Protesters were opposing President Emmanuel Macron's plan to require a coronavirus (COVID-19) vaccine certificate or negative PCR test to gain entry to bars, restaurants and cinemas beginning next month. France's new COVID laws will also make vaccination compulsory for healthcare workers.
Hundreds of cafe owners, hospital workers and parents marched to the French capital to fight back against Macron's controversial plans that were introduced on Monday, July 12, to tackle the nation's surging coronavirus cases.
Large crowds were confronted by riot police, who fired tear gas to try to disperse the advancing group. Protesters and police were seen kicking tear gas canisters at each other as cyclists weaved through the crowd. The protests went on into Wednesday night, with protesters captured on video clips posted on social media aiming fireworks at police.
Some of the protests began as early as Wednesday morning in Paris as the annual military parade during Bastille Day was taking place along the Champs-Elysees with Macron himself in attendance.

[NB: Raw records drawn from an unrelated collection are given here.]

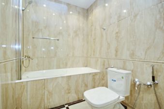 В подъезде сидит консьерж. Лифты: грузовой, со спуском в подземный паркинг, два пассажирских. Пандус. Парковка на территории двора.
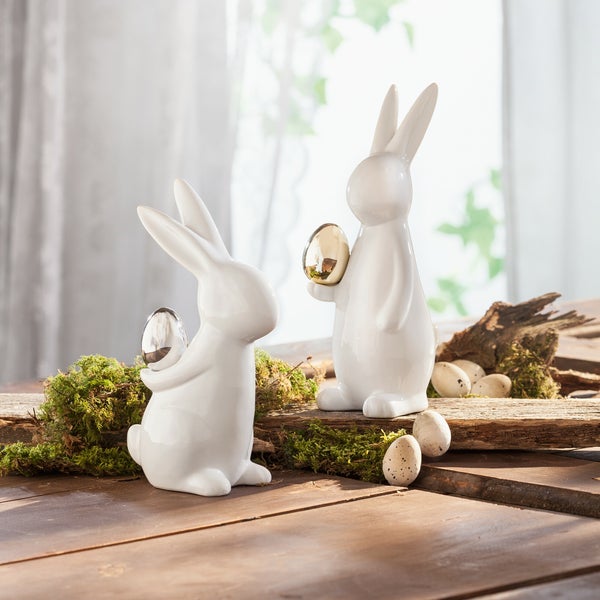 FRANK FLECHTWAREN | Osterhase Classical, 2er Set, PORZELLAN, Höhe 20 cm, 23 cm
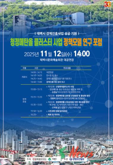 태백시(시장 이상호)는 오는 11월 12일 오후 2시 강원특별자치도와 공동으로 추진하는 ‘2025 국제 폐광지역 경제포럼’ 연계행사인 ‘청정메탄올 클러스터 사업 정책모델 연구 포럼’을 문화예술회관 대공연장에서 개최한다고 밝혔다.
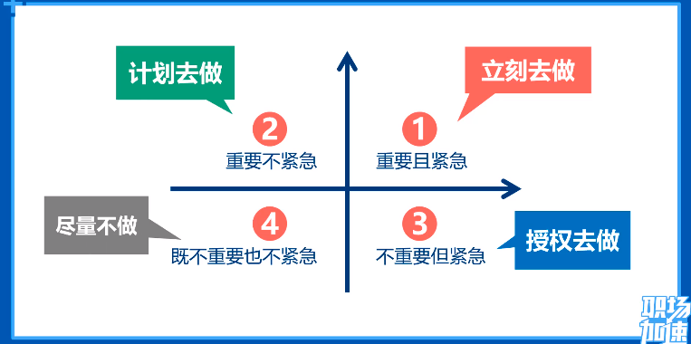 另外,也要注意划分好第一和第三类事,都是紧急的,分别就在于前者能带来价值,实现某种重要目标,而后者不能。

Members of a European force fighting extremists in Mali and the surrounding Sahel region led Wednesday's parade. Macron announced last week that France is pulling at least 2,000 troops from the region because of evolving threats. Honored at the parade were military medics who have shuttled vaccines to France's overseas territories, treated COVID-19 patients or otherwise helped fight the pandemic.
After the ceremony, Macron and his wife Brigitte spoke at length with families of troops killed or wounded in the line of duty.
In April, Macron promised vaccine passports would "never be used to divide" the French. But that all changed Monday as he demanded concerts, hospitality venues and more to check for proof of vaccination status or a negative PCR test in a bid to boost the nation's vaccination rates.
"If we do not act today, the number of cases will continue to increase," Macron said during Monday's televised address to the nation.
Restrictions will expand by August, meaning those wanting a beer in a bar, families going out for dinner, public transport passengers and home care visitors will all require proof of vaccination or a negative test. It will become mandatory for healthcare workers to receive a coronavirus vaccine beginning September 15. (Related: French president makes COVID-19 vaccination compulsory for healthcare workers.)
Critics have slammed the French president for stripping parts of the population of their free will and accuse him of singling out those who refuse to vaccinate.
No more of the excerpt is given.